> Stored entries:
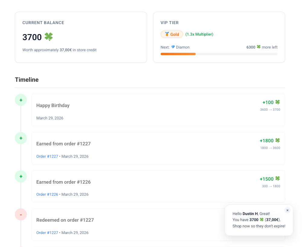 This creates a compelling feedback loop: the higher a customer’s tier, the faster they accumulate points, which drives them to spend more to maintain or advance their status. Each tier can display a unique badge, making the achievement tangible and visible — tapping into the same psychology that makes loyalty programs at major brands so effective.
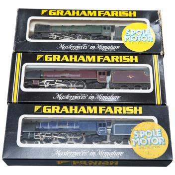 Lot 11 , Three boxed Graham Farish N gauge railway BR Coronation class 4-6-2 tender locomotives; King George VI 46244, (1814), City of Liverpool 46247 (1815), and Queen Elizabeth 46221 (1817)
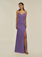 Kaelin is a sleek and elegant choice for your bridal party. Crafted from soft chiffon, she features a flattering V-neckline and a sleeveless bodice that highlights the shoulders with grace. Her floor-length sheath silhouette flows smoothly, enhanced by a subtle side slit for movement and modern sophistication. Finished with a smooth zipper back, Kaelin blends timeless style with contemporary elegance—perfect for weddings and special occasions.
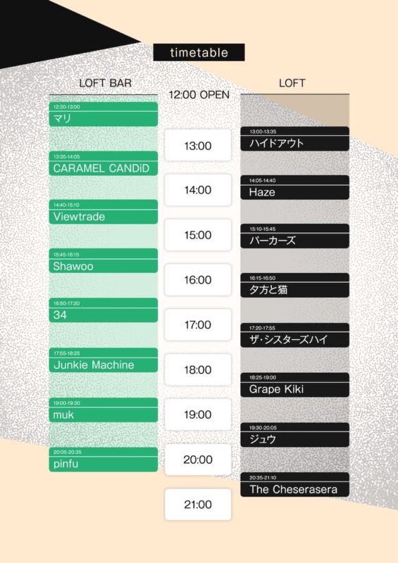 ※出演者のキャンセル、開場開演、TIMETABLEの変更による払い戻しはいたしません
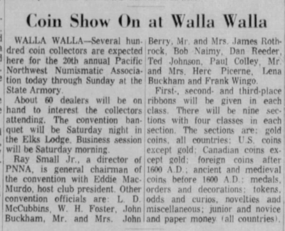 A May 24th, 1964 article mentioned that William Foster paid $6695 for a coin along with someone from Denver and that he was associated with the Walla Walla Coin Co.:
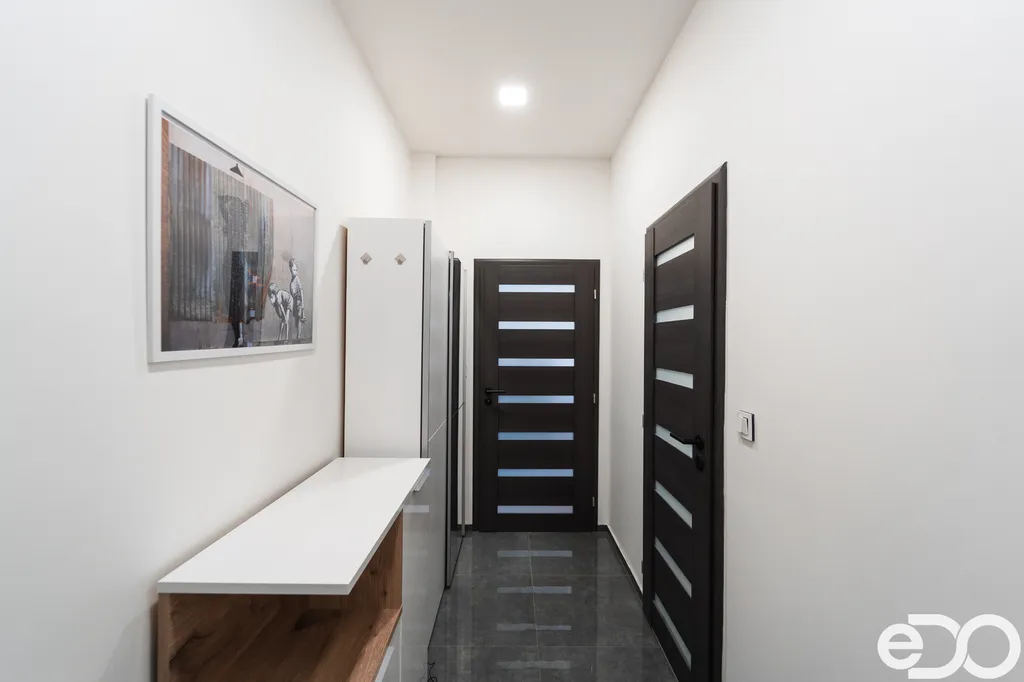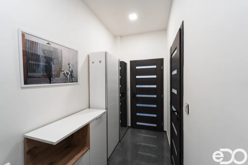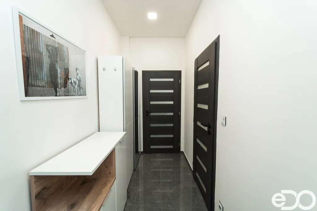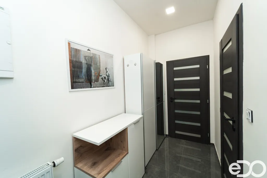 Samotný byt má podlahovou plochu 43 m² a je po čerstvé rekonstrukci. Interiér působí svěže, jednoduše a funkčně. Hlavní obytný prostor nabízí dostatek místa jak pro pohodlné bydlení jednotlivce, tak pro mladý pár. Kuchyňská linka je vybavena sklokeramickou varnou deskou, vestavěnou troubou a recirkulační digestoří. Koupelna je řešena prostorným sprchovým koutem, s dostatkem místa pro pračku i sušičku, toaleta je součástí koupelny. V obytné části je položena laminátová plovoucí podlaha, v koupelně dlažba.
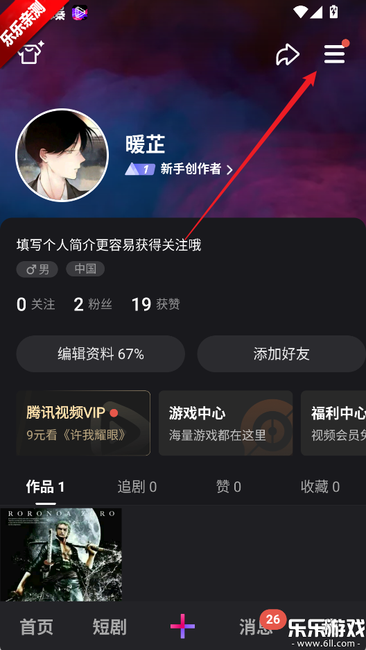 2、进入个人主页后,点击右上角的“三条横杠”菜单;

> DIRECTIONS: Extract only the lines from the line containing "Samotný byt má" through the final line of the records; keep both ends and drop every picture.

> ANSWER BOX:
 Samotný byt má podlahovou plochu 43 m² a je po čerstvé rekonstrukci. Interiér působí svěže, jednoduše a funkčně. Hlavní obytný prostor nabízí dostatek místa jak pro pohodlné bydlení jednotlivce, tak pro mladý pár. Kuchyňská linka je vybavena sklokeramickou varnou deskou, vestavěnou troubou a recirkulační digestoří. Koupelna je řešena prostorným sprchovým koutem, s dostatkem místa pro pračku i sušičku, toaleta je součástí koupelny. V obytné části je položena laminátová plovoucí podlaha, v koupelně dlažba.
 2、进入个人主页后,点击右上角的“三条横杠”菜单;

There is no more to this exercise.